# HLEQN - Editorial

Author: Abhinav Sharma
Testers: Nishank Suresh, Nishant Shah
Editorialist: Nishank Suresh

1315

Basic math

# PROBLEM:

Given X, find if there exist any positive integer solutions to 2\cdot a + 2\cdot b + a\cdot b = X.

# EXPLANATION:

Suppose we fix the value of a. Can we find out whether a valid b exists?

Yes we can

Rearrange the equation to bring b to one side, and we obtain

b = \frac{X - 2\cdot a}{a + 2}

We want b to be a positive integer, and so all that needs to be done is to check two conditions:

• X - 2\cdot a \gt 0
• a + 2 divides X - 2\cdot a

both of which are easy to check.

With this in mind, we can iterate over all possible values of a, and check if a valid value of b exists or not.

However, there can be upto 10^9 possible values for a, and iterating over them all is too slow so we need to speed up a little.

Note that, since a\gt 0 and b\gt 0, we must have a\cdot b \leq X. In particular, this means that at least one of a and b must be no larger than \sqrt X. In particular, \min(a, b) \leq \sqrt X.

Also note that the equation is symmetric in a and b, i.e, if we swap a and b, the value of 2\cdot a + 2\cdot b + a\cdot b doesn’t change.

So, without loss of generality, we can always say that a \leq b.

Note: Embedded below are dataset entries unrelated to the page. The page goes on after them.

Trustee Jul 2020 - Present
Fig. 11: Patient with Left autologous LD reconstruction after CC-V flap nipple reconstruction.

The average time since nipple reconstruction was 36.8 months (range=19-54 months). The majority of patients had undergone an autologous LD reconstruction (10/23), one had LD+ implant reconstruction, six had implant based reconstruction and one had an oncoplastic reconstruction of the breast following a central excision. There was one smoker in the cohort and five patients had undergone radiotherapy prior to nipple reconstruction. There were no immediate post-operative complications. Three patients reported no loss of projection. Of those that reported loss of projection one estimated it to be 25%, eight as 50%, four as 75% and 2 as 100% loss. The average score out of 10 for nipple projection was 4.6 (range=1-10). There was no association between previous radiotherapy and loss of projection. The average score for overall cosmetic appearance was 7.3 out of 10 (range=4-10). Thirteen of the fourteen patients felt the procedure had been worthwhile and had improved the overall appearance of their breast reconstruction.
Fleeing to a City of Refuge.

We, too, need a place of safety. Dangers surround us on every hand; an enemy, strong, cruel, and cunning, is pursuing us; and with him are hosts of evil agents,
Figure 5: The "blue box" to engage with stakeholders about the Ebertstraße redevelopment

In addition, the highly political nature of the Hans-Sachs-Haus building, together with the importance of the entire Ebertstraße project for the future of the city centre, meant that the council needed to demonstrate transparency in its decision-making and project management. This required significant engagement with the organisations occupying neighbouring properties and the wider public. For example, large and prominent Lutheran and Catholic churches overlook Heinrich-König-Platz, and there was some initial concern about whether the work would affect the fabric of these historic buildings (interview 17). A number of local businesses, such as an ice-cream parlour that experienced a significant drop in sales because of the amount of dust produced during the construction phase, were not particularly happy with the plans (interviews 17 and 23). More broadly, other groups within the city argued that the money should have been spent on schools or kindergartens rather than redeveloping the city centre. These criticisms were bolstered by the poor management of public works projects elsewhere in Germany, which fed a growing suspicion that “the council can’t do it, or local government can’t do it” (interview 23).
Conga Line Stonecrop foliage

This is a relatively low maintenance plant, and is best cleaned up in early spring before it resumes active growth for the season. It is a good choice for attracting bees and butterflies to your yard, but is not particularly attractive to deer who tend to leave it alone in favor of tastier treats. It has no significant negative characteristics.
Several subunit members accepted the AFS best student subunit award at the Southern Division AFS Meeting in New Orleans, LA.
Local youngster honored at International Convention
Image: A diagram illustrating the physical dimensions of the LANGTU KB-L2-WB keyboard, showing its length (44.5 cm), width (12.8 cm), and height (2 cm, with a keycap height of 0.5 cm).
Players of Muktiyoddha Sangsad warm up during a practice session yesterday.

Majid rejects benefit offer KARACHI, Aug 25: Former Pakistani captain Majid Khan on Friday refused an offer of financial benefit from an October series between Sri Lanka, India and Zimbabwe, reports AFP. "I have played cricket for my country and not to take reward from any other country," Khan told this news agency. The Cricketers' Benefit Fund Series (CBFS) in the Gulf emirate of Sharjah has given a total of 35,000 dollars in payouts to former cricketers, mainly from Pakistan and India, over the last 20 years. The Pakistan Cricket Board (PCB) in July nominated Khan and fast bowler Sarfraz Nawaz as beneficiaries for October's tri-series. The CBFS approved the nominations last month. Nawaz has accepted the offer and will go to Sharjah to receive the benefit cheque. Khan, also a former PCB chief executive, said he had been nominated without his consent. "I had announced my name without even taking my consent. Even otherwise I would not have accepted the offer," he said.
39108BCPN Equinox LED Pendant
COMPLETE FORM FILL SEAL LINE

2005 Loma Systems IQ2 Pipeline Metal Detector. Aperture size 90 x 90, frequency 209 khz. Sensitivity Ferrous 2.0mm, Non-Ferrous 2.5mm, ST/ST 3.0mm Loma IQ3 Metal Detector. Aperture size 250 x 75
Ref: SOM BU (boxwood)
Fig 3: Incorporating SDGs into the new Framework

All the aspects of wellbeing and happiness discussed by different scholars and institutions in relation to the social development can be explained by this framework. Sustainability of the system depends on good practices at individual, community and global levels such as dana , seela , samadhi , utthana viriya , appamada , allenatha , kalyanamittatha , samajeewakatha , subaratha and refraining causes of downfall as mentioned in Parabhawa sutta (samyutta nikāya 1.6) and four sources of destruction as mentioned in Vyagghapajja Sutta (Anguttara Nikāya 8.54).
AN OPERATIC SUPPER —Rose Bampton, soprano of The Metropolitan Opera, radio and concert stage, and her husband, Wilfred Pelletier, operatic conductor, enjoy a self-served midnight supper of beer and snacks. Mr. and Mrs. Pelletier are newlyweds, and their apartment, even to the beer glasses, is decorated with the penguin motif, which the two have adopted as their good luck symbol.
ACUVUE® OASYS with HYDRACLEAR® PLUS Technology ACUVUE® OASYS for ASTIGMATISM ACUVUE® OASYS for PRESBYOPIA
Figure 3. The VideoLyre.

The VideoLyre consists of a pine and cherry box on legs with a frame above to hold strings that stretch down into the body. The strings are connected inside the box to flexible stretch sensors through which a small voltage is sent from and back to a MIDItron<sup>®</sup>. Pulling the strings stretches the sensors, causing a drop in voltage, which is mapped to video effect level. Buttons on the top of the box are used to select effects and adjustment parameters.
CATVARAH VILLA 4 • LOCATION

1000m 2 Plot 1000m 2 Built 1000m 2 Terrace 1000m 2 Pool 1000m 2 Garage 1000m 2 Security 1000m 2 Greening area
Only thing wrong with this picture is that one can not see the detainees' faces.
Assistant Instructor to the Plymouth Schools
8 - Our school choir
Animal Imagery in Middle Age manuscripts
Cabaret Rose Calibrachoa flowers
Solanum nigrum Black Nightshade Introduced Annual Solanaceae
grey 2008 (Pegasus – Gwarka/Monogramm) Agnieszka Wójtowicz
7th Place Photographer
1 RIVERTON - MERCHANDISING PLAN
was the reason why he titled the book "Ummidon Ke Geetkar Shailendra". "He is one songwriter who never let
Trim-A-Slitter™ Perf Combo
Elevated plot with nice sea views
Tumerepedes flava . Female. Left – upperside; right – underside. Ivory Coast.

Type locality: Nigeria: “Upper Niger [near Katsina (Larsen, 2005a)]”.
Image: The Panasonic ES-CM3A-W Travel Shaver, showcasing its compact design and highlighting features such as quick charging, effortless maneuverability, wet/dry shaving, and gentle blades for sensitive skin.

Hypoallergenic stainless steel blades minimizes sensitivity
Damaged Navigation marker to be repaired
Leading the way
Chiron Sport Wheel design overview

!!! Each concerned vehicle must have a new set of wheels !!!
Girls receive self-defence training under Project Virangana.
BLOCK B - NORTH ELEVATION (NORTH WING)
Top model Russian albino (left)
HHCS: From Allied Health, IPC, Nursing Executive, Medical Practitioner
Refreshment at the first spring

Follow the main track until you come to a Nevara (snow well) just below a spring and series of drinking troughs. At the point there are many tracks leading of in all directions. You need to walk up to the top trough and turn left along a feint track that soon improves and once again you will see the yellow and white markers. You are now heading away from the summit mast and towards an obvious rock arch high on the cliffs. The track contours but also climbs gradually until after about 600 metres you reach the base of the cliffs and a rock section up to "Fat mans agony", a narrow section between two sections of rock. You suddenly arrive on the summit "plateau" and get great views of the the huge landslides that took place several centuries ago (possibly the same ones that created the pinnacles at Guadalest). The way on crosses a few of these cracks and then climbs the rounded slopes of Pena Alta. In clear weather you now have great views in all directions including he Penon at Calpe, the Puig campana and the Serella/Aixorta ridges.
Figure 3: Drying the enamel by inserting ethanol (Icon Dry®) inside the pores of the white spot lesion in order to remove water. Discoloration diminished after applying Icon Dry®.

This, combined with our earlier observation that \min(a, b) \leq \sqrt X now gives us only \mathcal{O}(\sqrt X) different values of a that need to be checked, which is fast enough to solve the problem.

# TIME COMPLEXITY

\mathcal{O}(\sqrt X) per test case.

# CODE:

Editorialist's Code (Python)
for _ in range(int(input())):
x = int(input())
ans = 'no'
# b = (x - 2*a)/(a+2)
for a in range(1, x+10):
if a*a > x:
break
if 2*a >= x:
break
if (x - 2*a)%(a + 2) != 0:
continue
ans = 'yes'
break
print(ans)

4 Likes

I admit that I could not solve this within 1 hour, and even dropped it after feeling stuck for that long. Maybe I should do more math problems.

3 Likes

I think mine is simpler

int ec(int a,int b)
{
return a*b+2*a+2*b;
}

string f(int x)
{
if(x<5) return "NO";
for (int i = 1; 1; i++)
{
int vl = ec(i,i);
if(vl>x||vl>1e9) break;
if(vl==x||(x-vl)%(2+i)==0) return "YES";
}
return "NO";
}

2 Likes

I used Binary Search to find out the value of b.
Glad to know there was a simpler solution out there.

3 Likes

Lets define a function f(a,b) = 2*(a+b)+a*b (for simplicity)
we want to know whats the difference between the number f(a,b) and f(a,b+1)

Lets have a look:
f(1,1) = 5, f(1,2) = 8, f(1,3) = 11
it looks like it increases by 3
why? lets see:
when we increase b by 1 the 2(a+b) part of the expression always increases by 2
and the a*b part increases by a, that means the number will increase by 2+a

That means that we can represent every valid X(by valid I mean a and b exist for X)
by f(a,1) + (2+a)*(some integer), eg. 5+3=8, 5+3+3=11 …

The final step is to check if the difference between f(a,a) and X is divisible by (2+x)
(we used f(a,a) instead of f(a,1) because with f(a,1) we get TLE
and there may be some duplicate pairs for example when a is 3: (3,1),(3,2),(3,3) but (3,1) and (3,2) can be represented as when a is 1 or a is 2 eg. (1,3),(2,3))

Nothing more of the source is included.